Staw - jak sie pozbyć szczupaka ze stawu?

kocich - 2010-07-29, 08:38
Temat postu: jak sie pozbyć szczupaka ze stawu?
witam.Posiadam mały staw 20mx10m,srednia głębokość 1,80.Jeszcze w tamtym roku miałem w nim mnóstwo karasi które razem z mamą uwielbialiśmy łowić.Nieświadomy tego jakim apetytem dysponuje szczupak wpuściłem go do mojego zbiornika w ilości 10 sztuk.Obecnie po karasiach nie ma ani śladu a szczupaki mają po około 40 cm bo jednego kiedyś widziałem.Zarybiłem w tym roku stawik znowu karasiem ale obawiam się ze szczupły znowu go wytnie.W związku z tym mam pytanie jak pozbyć się szczupaka ze stawu?Na wędke nie dam rady bo nie mam zielonego pojęcia o łowieniu drapieżników.Dodam że nie mam możliwości spuszczenia wody ze zbiornika.Prosze was drodzy koledzy o pomoc
Vanka - 2010-07-29, 09:15

kocich napisał/a:
Na wędke nie dam rady bo nie mam zielonego pojęcia o łowieniu drapieżników

spining kolego, dobry wobelrek i cierpliwość taka jak przy moczeniu kija. a co można się pobawić przy tym.. :)
Jeśli taka mizerota jak ja w wędkowaniu szczupaka złapała to i Tobie sie uda

Ludwig - 2010-07-29, 10:48

Vanka napisał/a:
spining kolego, dobry wobelrek i cierpliwość taka jak przy moczeniu kija. a co można się pobawić przy tym..

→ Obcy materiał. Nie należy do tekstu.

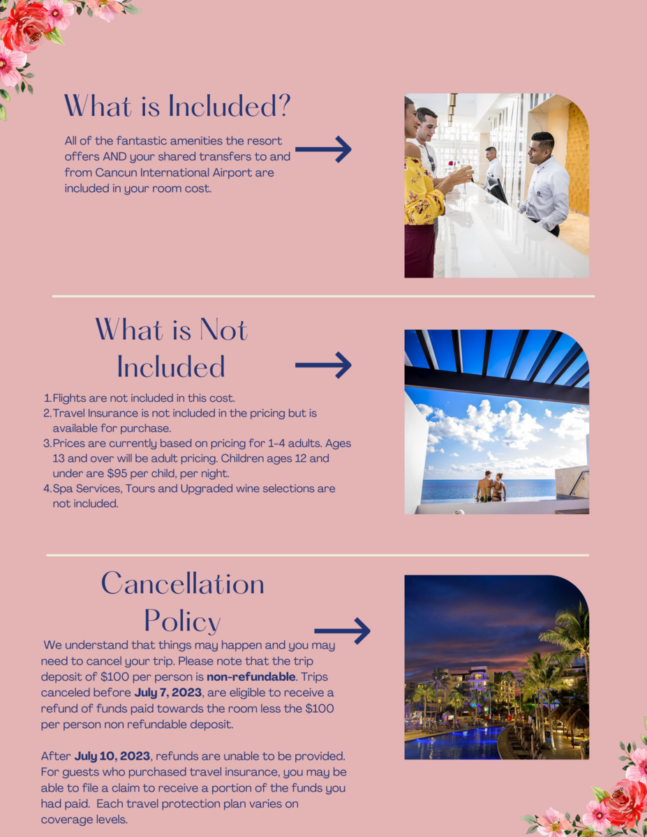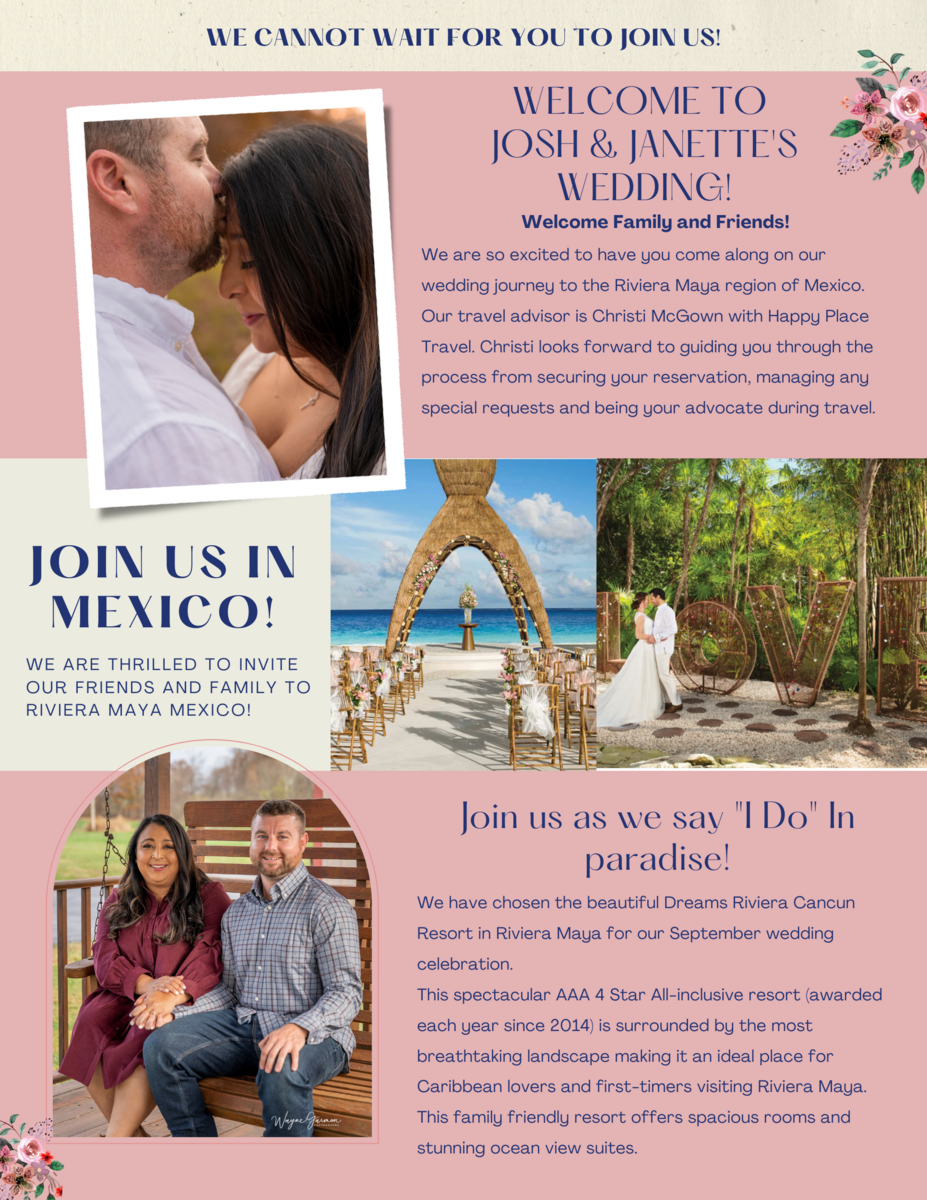 However, it is recommended that you consider a minimum of a 4 night stay. Arriving on the resort a few days prior to Janette and Josh's wedding gives you time cushion for potential delayed or canceled flights. Most flights from the middle of the US will arrive in Cancun in the afternoon. If you arrive the day prior to the wedding, you may not be giving yourself enough cushion of time to allow for potential flight cancellations and delays or luggage delays.
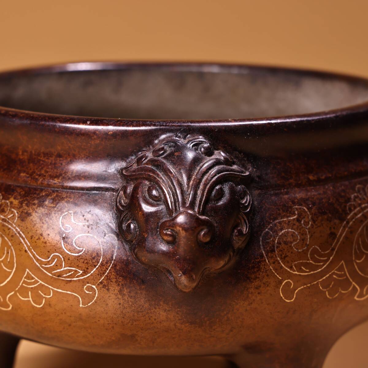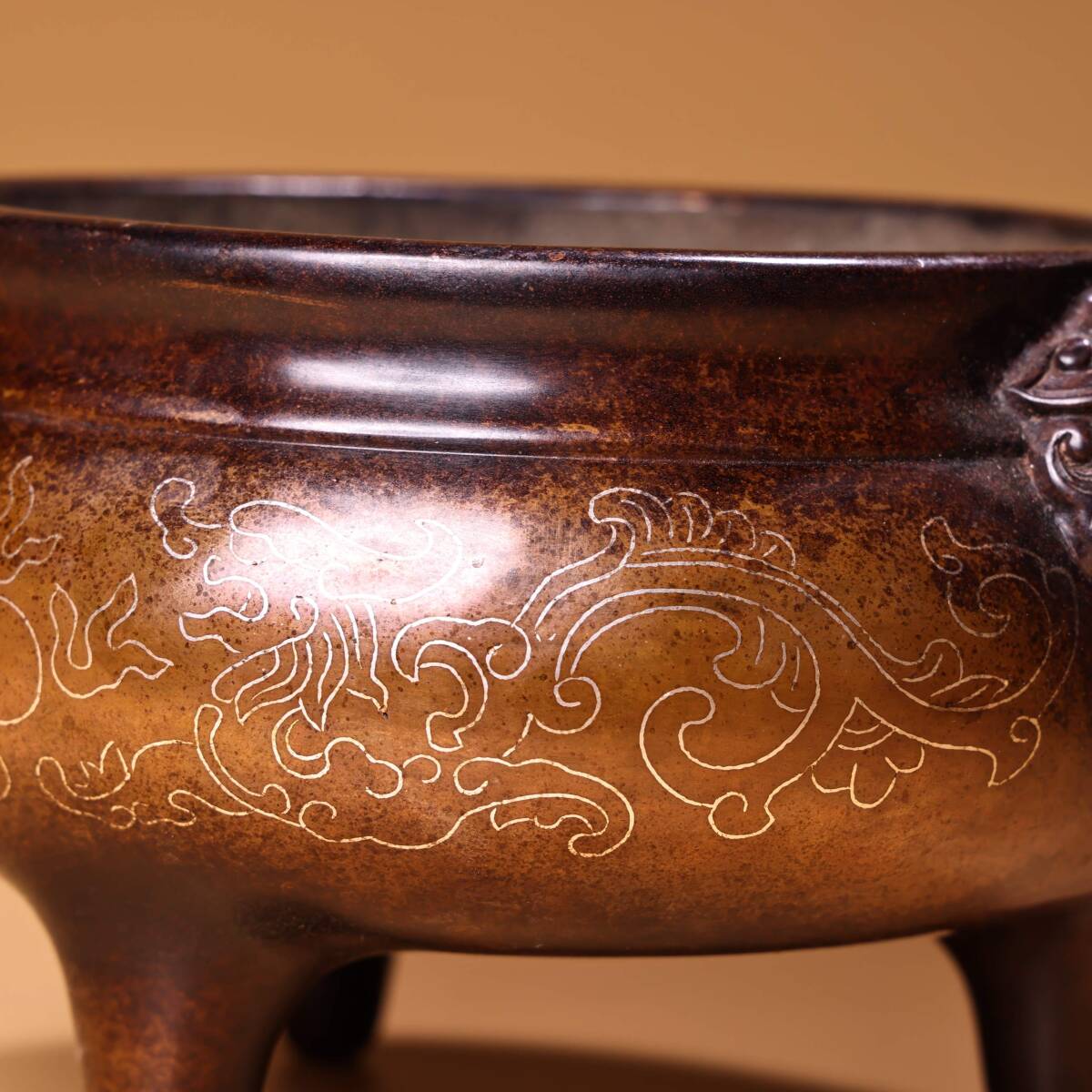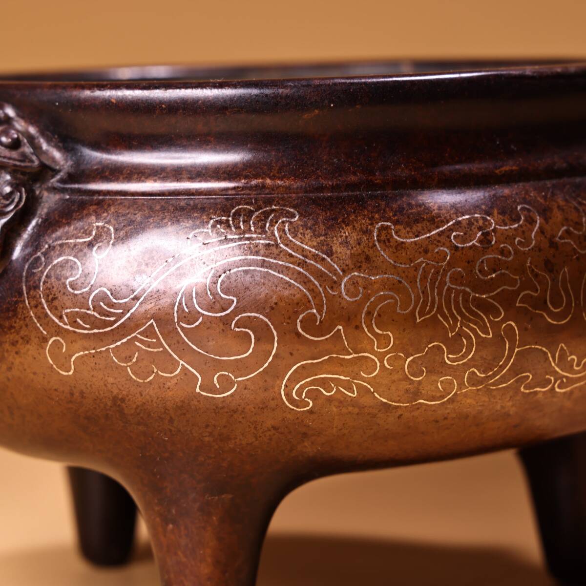 【超珍館蔵】紫銅製 銀絲嵌 香炉 仏具 宗教 古賞物 古董品 古美術品 時代物 旧家蔵出 稀少珍蔵品

Tutaj spinning za dużo nie pomorze ,gdy szczupak ma dużo narybku nie ruszy przynęty. A w twoim stawie ma go pod dostatkiem. Wiec trochę ciężko :? .

Może na stary przepis. Wycinasz ze styropianu prostokąty o wymiarach ok. 6cm 4cm, przywiązujesz żyłkę lub dratew(nawijasz na styropian). Na koniec przywiązujesz przypon z kotwicą. Łapiesz karasie i na kotwiczkę. Następnie rzucasz do stawu i czekasz. Na pewno się jakiś złapie ;) Jeżeli masz w stawie tylko szczupaki to nic innego nie może się złapać.

Pozdrawiam

kocich - 2010-07-29, 14:02

myslalem o siatce ale nie wiem jaka by była najlepsza
leszek50-57 - 2010-07-29, 14:32

Sitka,może ci pomóc,ale najlepszy sposób to na pupy,tak jak ci
pod powiedział Ludwig,na pewno wyłapiesz wszystkie :)

poz.Leszek
----------------

kocich - 2010-07-29, 14:53

a metoda na żywca?bo woblerkiem nie potrafie łowic
zuzi10 - 2010-07-29, 16:38

Kocich, a nie możesz zrobić przyjemności jakiemuś znajomemu wędkarzowi, ew. znajomemu- znajomego.
Ludwig - 2010-07-29, 18:17

kocich napisał/a:
myslalem o siatce ale nie wiem jaka by była najlepsza


Siatką złapiesz nie tylko szczupaki ale i inne ryby. A po za tym zaplątaną rybę jest ciężko odratować praktycznie większość jest spisana na straty.... Chyba ,że siatka pociągowa.


kocich napisał/a:
a metoda na żywca?bo woblerkiem nie potrafie łowic



Kombinujesz jak koń pod górę. Nie rozumiesz "pupy" praktycznie to samo co żywiec różni się tym, ,że nie musisz czekać z wędką nad stawem . To bardziej mobilne rozwiązanie ;) Jest to dla Ciebie najlepsze rozwiązanie. Przykładowo robisz 25 "pup" rzucasz je na cały dzień i noc później ściągasz. Na pewno jakiś się zachaczy.

Cytat:
Kocich, a nie możesz zrobić przyjemności jakiemuś znajomemu wędkarzowi, ew. znajomemu- znajomego.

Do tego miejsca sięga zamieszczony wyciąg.